One acts in that capacity when one has to ascertain facts or law with respect to a certain dispute between the parties and in dealing which he is expected to act judicially even though he does not constitute a judicial body. We have been referred to various cases, but we do not find any-' thing in them which goes against what we have expressed and it is not necessary to refer to them.

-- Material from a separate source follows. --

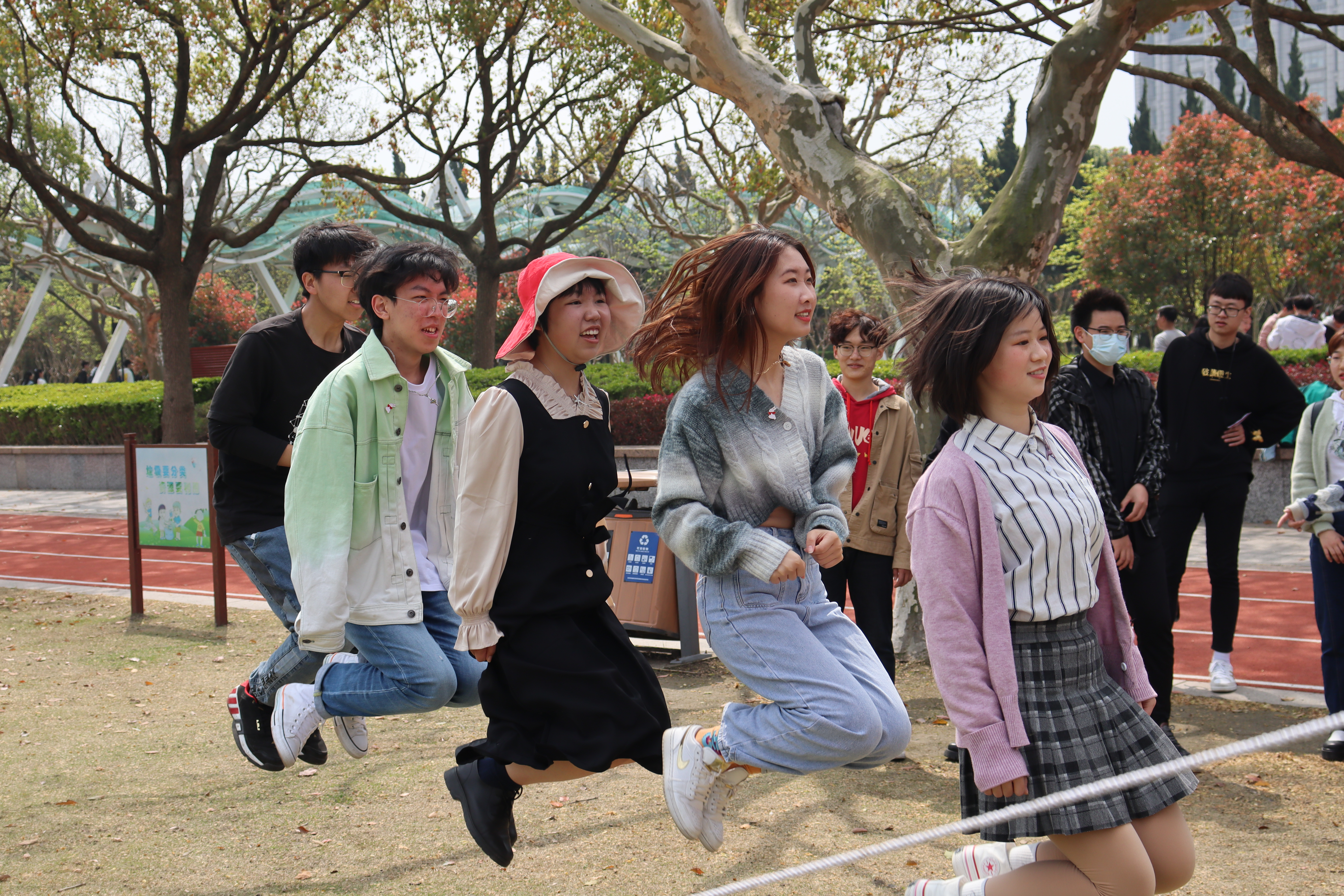 跳长绳在松江公园跑道旁进行,同一组同学齐心协力、互相配合,共同完成活动,获得相应的“任务积分”。工作人员根据各组在规定时间内跳过的次数来评判最终结果。跳长绳的活动加强了同学之间的交流。提高了学生的身体素质,增强了小组成员之间的凝聚力,也培养了学生团结协作的精神。

4. Sub-section (2) of section 3 of the Act provides for a revision to the Commissioner and its Sub-section (3) further provides that the Commissioner, if satisfied that the District Magistrate has acted illegally or with material irregularity or has wrongly refused to act, may confirm or set aside the order of the District Magistrate. It is urged that in view of the provisions of Sub-section (3) the District Magistrate has to act according to law and in accordance with some procedure and that if he was not to act in that fashion no question for the consideration of the Commissioner can arise. Absence of any considerations to guide the District Magistrate in the matter does not necessarily mean that the Commissioner cannot revise a certain order on any of the considerations mentioned in Sub-section (3). The order of the District Magistrate may not refer to accommodation. The District Magistrate may not pass any order. These Sub-sections (2) and (3) were enacted subsequent to the enactment of the Act and it is quite poSvSible that the legislature overlooked providing the facts which could guide the District Magistrate in dealing with such, matters. Merely because the Commissioner is asked to act in a certain manner would not change the nature of the act which the District Magistrate is to perform when he is esked to give permission for filing a suit for ejecting a tenant.

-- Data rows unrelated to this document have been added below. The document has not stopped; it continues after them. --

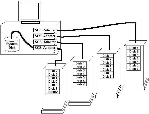 Three of the four 3511 SCSI External Storage Enclosures contain seven SCSI hard drives. The fourth storage enclosure only has six SCSI hard drives because it's SCSI Adapter also supports the System Disk.. This example is for IML systems that require a System disk. A non-IML system could dispense with the system disk and use seven drives in each 3511. Backup Server using
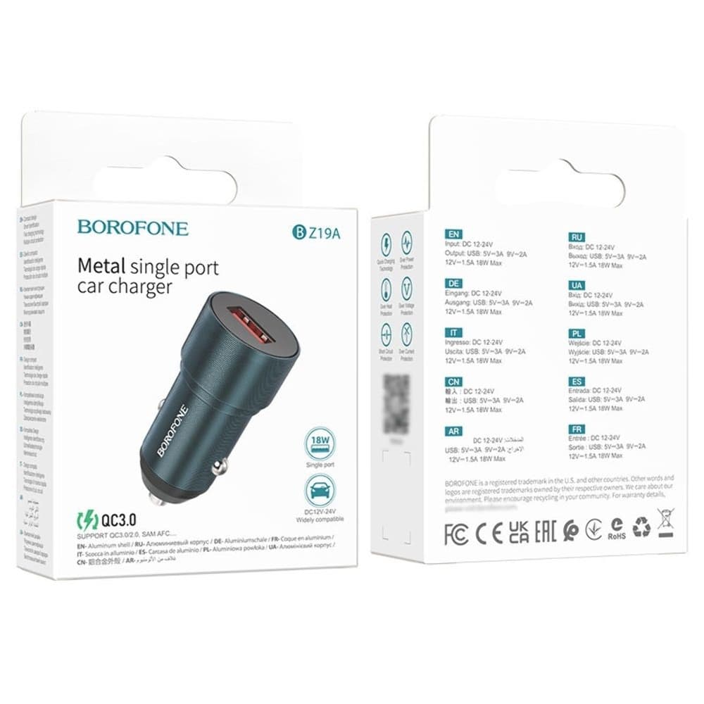 Купить Автомобильний зарядний пристрій Borofone BZ19A, 1 USB, Quick Charge 3.0, 18 Вт, синее | зарядка, зарядное устройство можно и в нашем офисе, платить за доставку при этом не нужно.
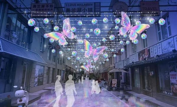 在美兰西湖,每一盏灯都是一句未说完的情话。“金罗展新卷”——罗朵朵手执彩灯,蝴蝶绕光而生,似古镇新生的羽翼。
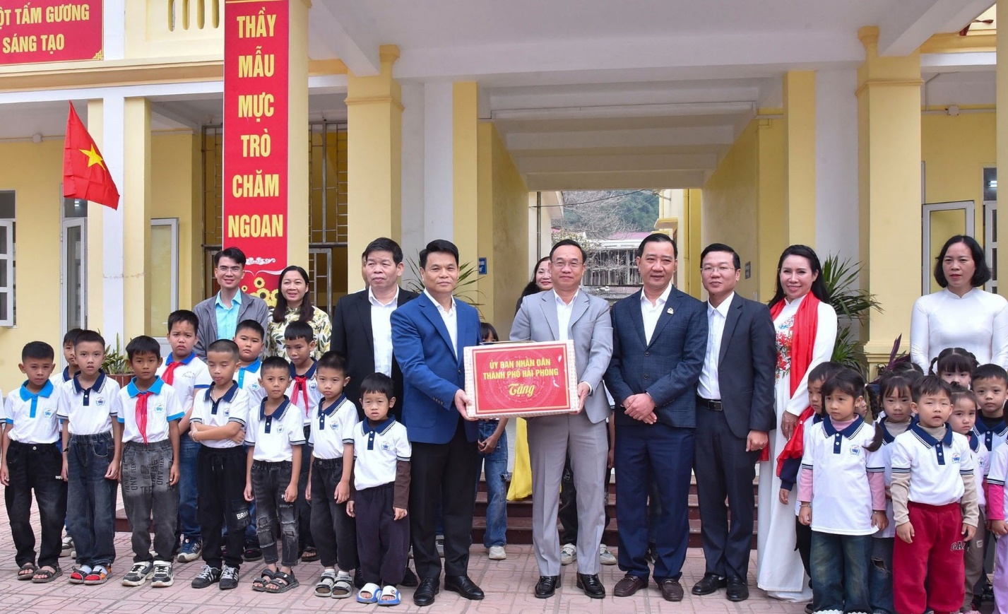 Đồng chí Lê Ngọc Châu, Phó Bí thư Thành uỷ, Chủ tịch Ủy ban nhân dân thành phố thăm, tặng quà thầy và trò Trường Tiểu học - Mẫu giáo đặc khu Bạch Long Vĩ.
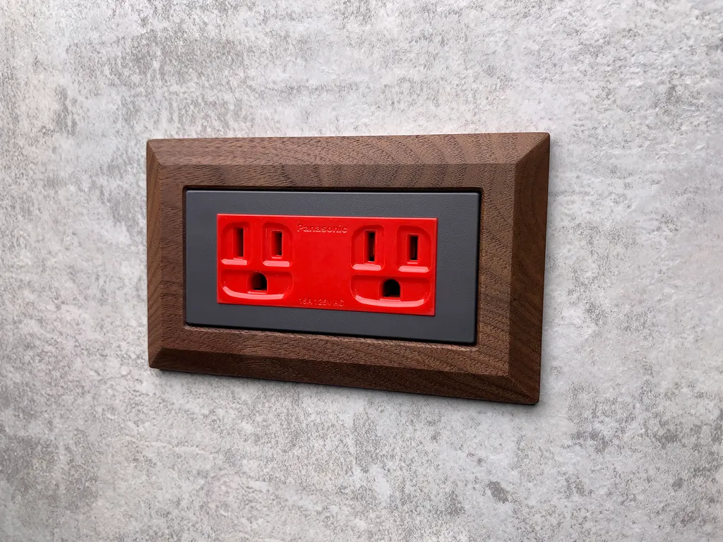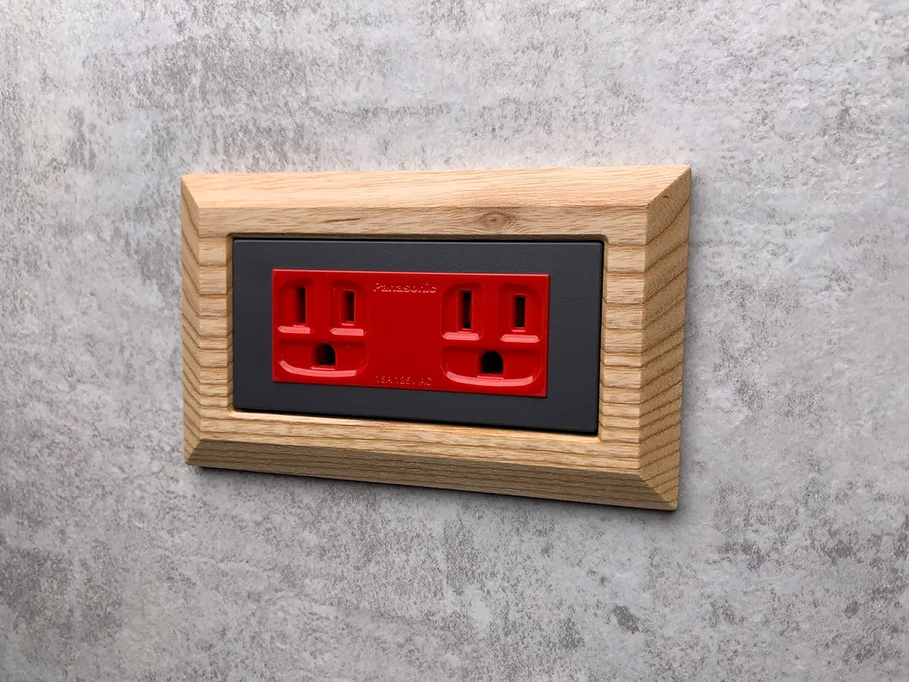 Bevel 實木面板 + 雙插座附接地 (緊急電源用)-5.5mm2絞線用 - 紅色 (RISNA灰色 ‧ GLATIMA 系列適用) (國際牌開關插座)
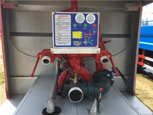 是我廠采用東風原裝二類底盤DFA11070DJ35D6基礎上改裝而成,東風輕發D28D10-40DA東風國五發動機,動力強勁,輸出功率75KW,102馬力,整車結構緊湊;專用部分由液罐、泵室、器材箱、動力輸出及傳動系統、管路系統、電氣系統等組成;罐體容積2-3噸(方);正規消防隊使用,PS10/20消防泵,最大射程45米;罐體采用4CM厚優質碳鋼Q235材質,防銹處理;廂體兩側帶卷簾門器材箱,可存放標配23套消防器材。
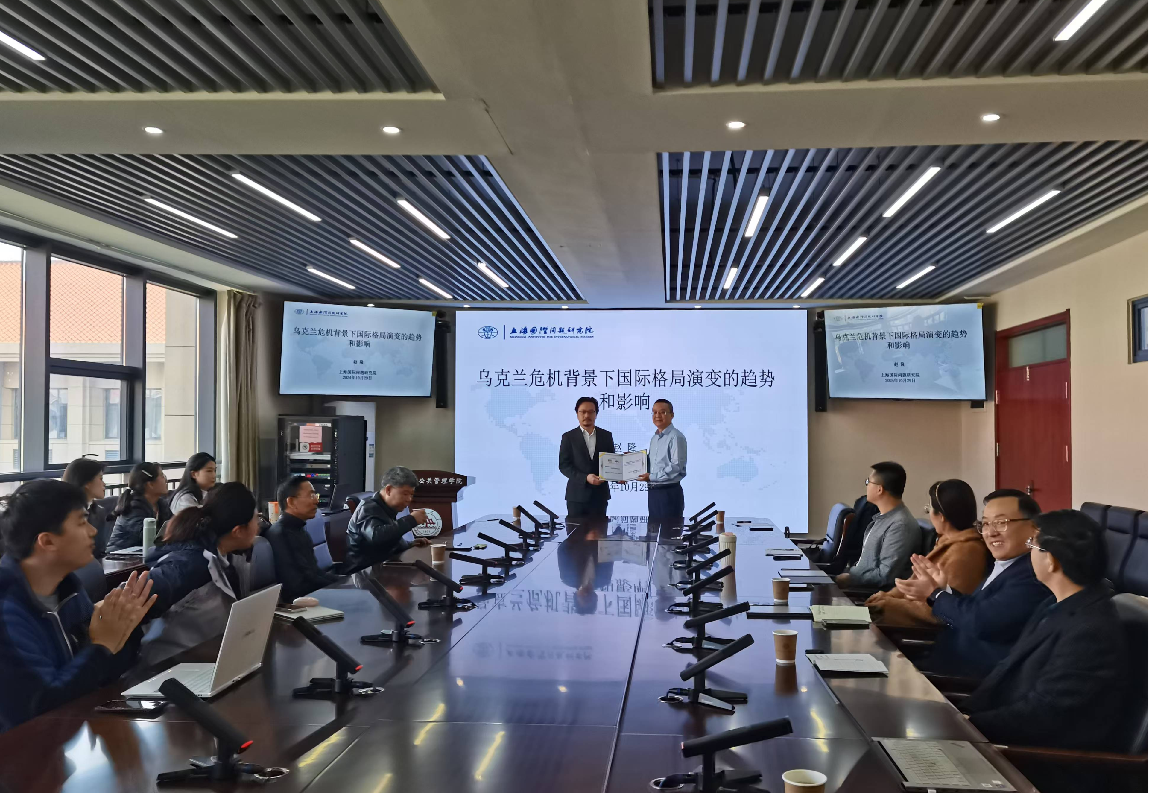 公共安全研究院、中国—上海合作组织经贸学院联合主办的“合作与发展”系列讲座第十九期在华岗苑南楼四楼中厅会议室顺利举办。本期讲座主题为“乌克兰危机背景下国际格局演变的趋势与影响”,由上海国际问题研究院全球治理研究所副所长赵隆主讲。av视频
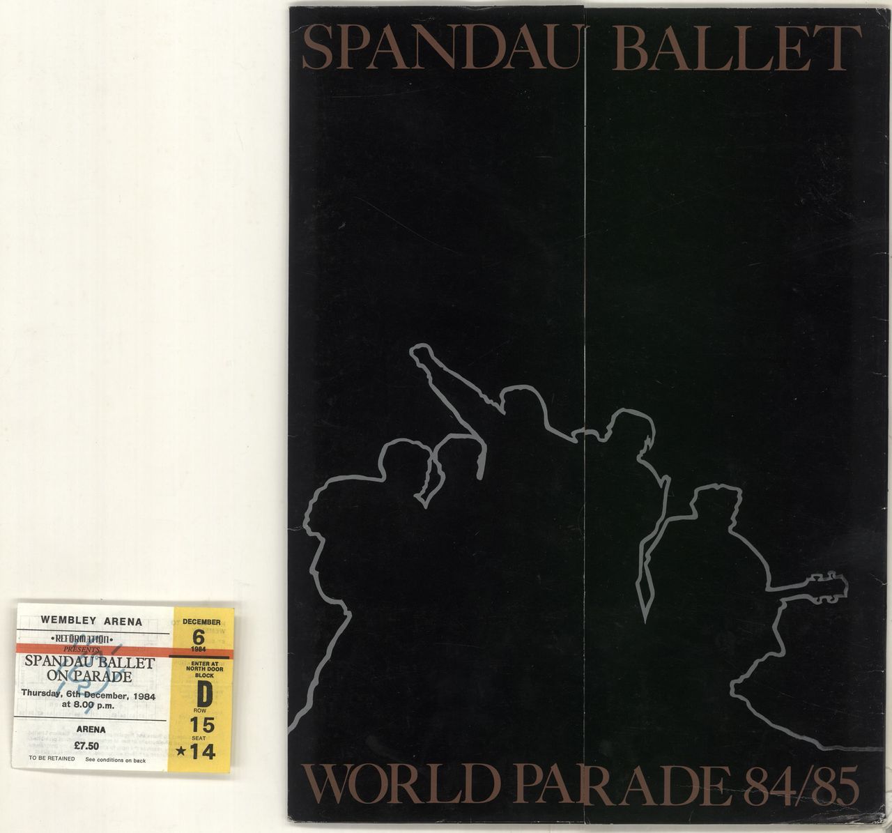 SPANDAU BALLET World Parade 84/85 (Official 1984 UK 24 page 13" x 9½ tour programme featuring individual messages from each of the band members, tour personnel and great photographs throughout, plus the original merchanise leaflet still attached to the centrepages. Also includes a custom printed outer folder which has the tour dates on the back of the fold-out title cover and also a ticket stub for the Wembley Arena show on 6th December 1984. Although the folder has a few scuff marks, the programme within remains in a really nice condition)

5. Sub-section (4) of section 3 makes the order of the Commissioner in revision final subject to any order passed by the State Government under section 7-P. Section 7-F is :

'The state Government may call for the record of any case granting or refusing to grant permission for the filing of suit for eviction referred to in section 3 or requiring any accommodation to be let or not to be let to any person under section 7 and may make such order as appears to it necessary for the ends of justice.'

It is clear that the State Government is given absolute discretion to pass any order it considers necessary for the ends of justice on perusal of the order. The State Government is not required to give notice to the parties or to afford them opportunities to lay their case before it or to argue their case before it. In passing such a discretionary order the State Government cannot be said to act in a quasi-judicial capacity,

6. We are, therefore, of opinion that no writ of 'certiorari' can be issued to the Government in connection with its orders under section 7-P of the Act and that therefore this application is not maintainable. We accordingly reject it.